Congrats! I'm stuck with an incubator here but someday hope my girls will go broody too. I'm told they do the job right!


----------



## 7chicks (Jun 29, 2012)

Awww. Precious! Congratulations on your sweet new addition.


----------



## geminicowgirl (Sep 20, 2012)

Egg number to has started. There are 4 total. 2 Ameraucana eggs and 2 banty eggs. I had no idea it was this exciting. I was dreing about them all night haha


----------



## geminicowgirl (Sep 20, 2012)

Both banty eggs have not hatched but there is life in them, thinking they may be delayed a bit. Maybe by a couple days.... Is that bad?


----------



## fuzziebutt (Aug 7, 2012)

Give them a couple days, they should hatch. Cute chick, congrats on the hatch!!!


----------



## Energyvet (Jul 25, 2012)

Happy happy! Good for you!


----------



## geminicowgirl (Sep 20, 2012)

UPDATE... Successfully hatched egg 3 in my cleavage... Yes you read that right. Thought egg 4 was dead when I candled it. Warmed it up with warm water and washed it and it miraculously started moving. Should peep in a few hours.
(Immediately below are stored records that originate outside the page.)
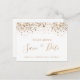 A girly and trendy Save the Date card for a 40th (or any age) birthday party. A stylish white background decorated with faux gold glitter dust. Personalize and add a date and name and text. Golden colored letters. The text: Save the Date is written with a large trendy hand lettered style script.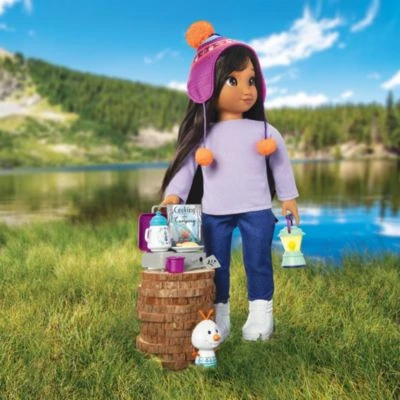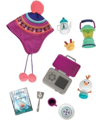 Für kleine Puppeneltern und Eisköniginnen-Fans kommt mit diesem bezaubernden Set alles, was benötigt wird, um einen wundervollen Campingausflug zu erleben. Das Set besteht aus einem tragbaren Kochherd, Pfannenwender und Camping-Kochbuch. Mit der kuscheligen Mütze ist dem Puppenkind warm und der niedliche Schneemann-Begleiter ist ein toller Freund für die Puppenkinder. Das Zubehörset ist mit den meisten 45cm-Puppen kompatibel.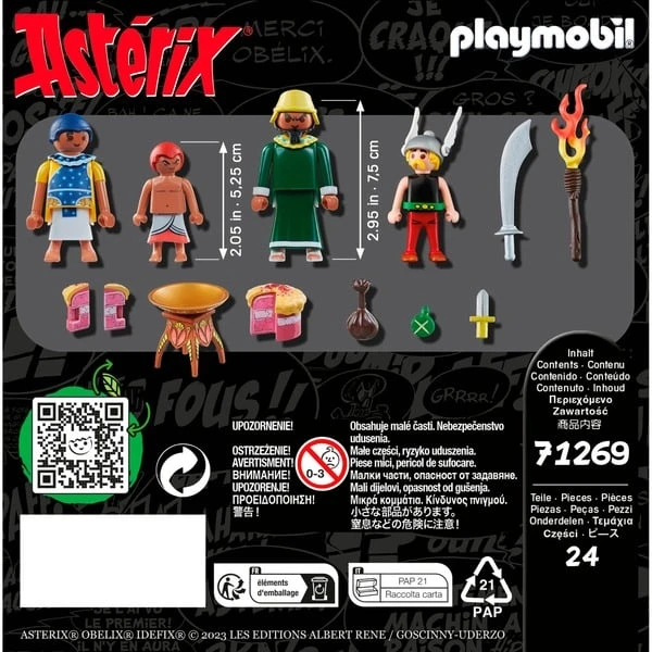 | Inhalt/Ausstattung | Figuren: Asterix, Pyradonis, Schraubzieris, Kleopatras Vorkoster. Zubehör: 1 Tisch, 1 Torte, 2 Kuchenstücke, 1 Messer, 1 Schwert, 1 Fackel, 1 Beutel,1 Trinkflasche, 1 Helm, 1 Hut. | ||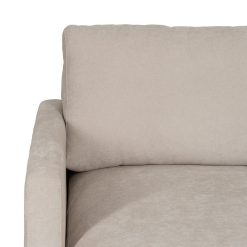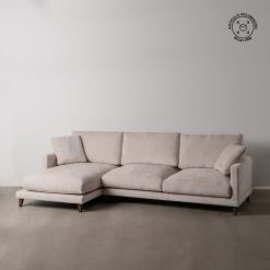 Tecido: Estrutura: madeira de pinho. Suspensão: Correia elástica Nea. Enchimento: assento em fibra com borracha de poliuretano 28kg e encosto em fibra de silicone. Altura do assento: 47cm. Largura do assento: 270cm. Profundidade do assento: 70/125cm. Altura do encosto: 47cm. Altura do apoio de braço: 22cm. Altura da perna: 12cm. Almofadas removíveis.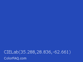 CIELab 35.288,28.836,-62.661 Color is a normal blue color and the nearest color is Denim Blue #2243b6. Hex code #2449b9 and RGB value is rgb(36,73,185). In RGB color space, this color is composed of 14% red, 29% green, 73% blue, In CMYK color space, this color is composed of 81% cyan, 61% magenta, 0% yellow , 27% black , In HSL color space, this color has a hue angle of 225° , 67% saturation and 43% lightness.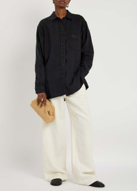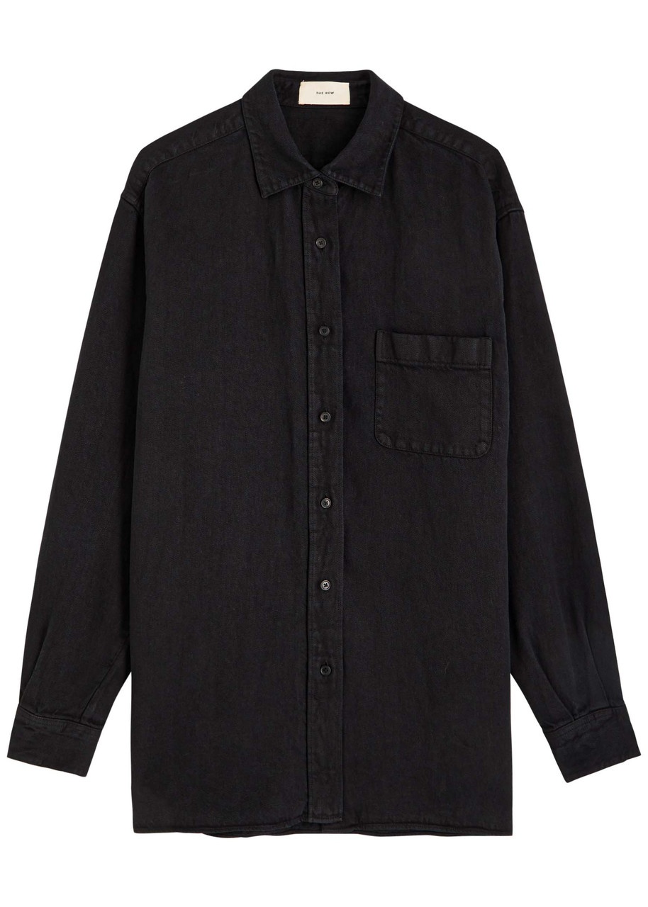 Info & Care The Row;denim shirt Dropped shoulders, pleats at button-fastening cuffs, chest pocket, side splits, curved hem, longer back hem, washed and faded finish Button fastenings through front 100% linen Dry clean Size & Fit Length shoulder to hem: 30.5 inches/ 77.5cm; back: 32.5 inches/ 83cm Midweight Loose fit Model is 5'10"/ 178cm and wears a size US4

Happiest chicken mom on earth this moment


----------



## geminicowgirl (Sep 20, 2012)

Egg 4 has died. Momma hen refused to set on it so I kept it in my incubator and I candled it saw lots of movement but an hour later the movement stopped. My instincts told me to help it out the hour prior but I didn't. Thinking back I should have but helping an egg hatch is so frowned upon. Poor little one was working on the wrong end, I suspected this but still ignored my gut. I am devastated and feel silly for being this sad. It was a beautiful grey banty Cochin just like his momma


----------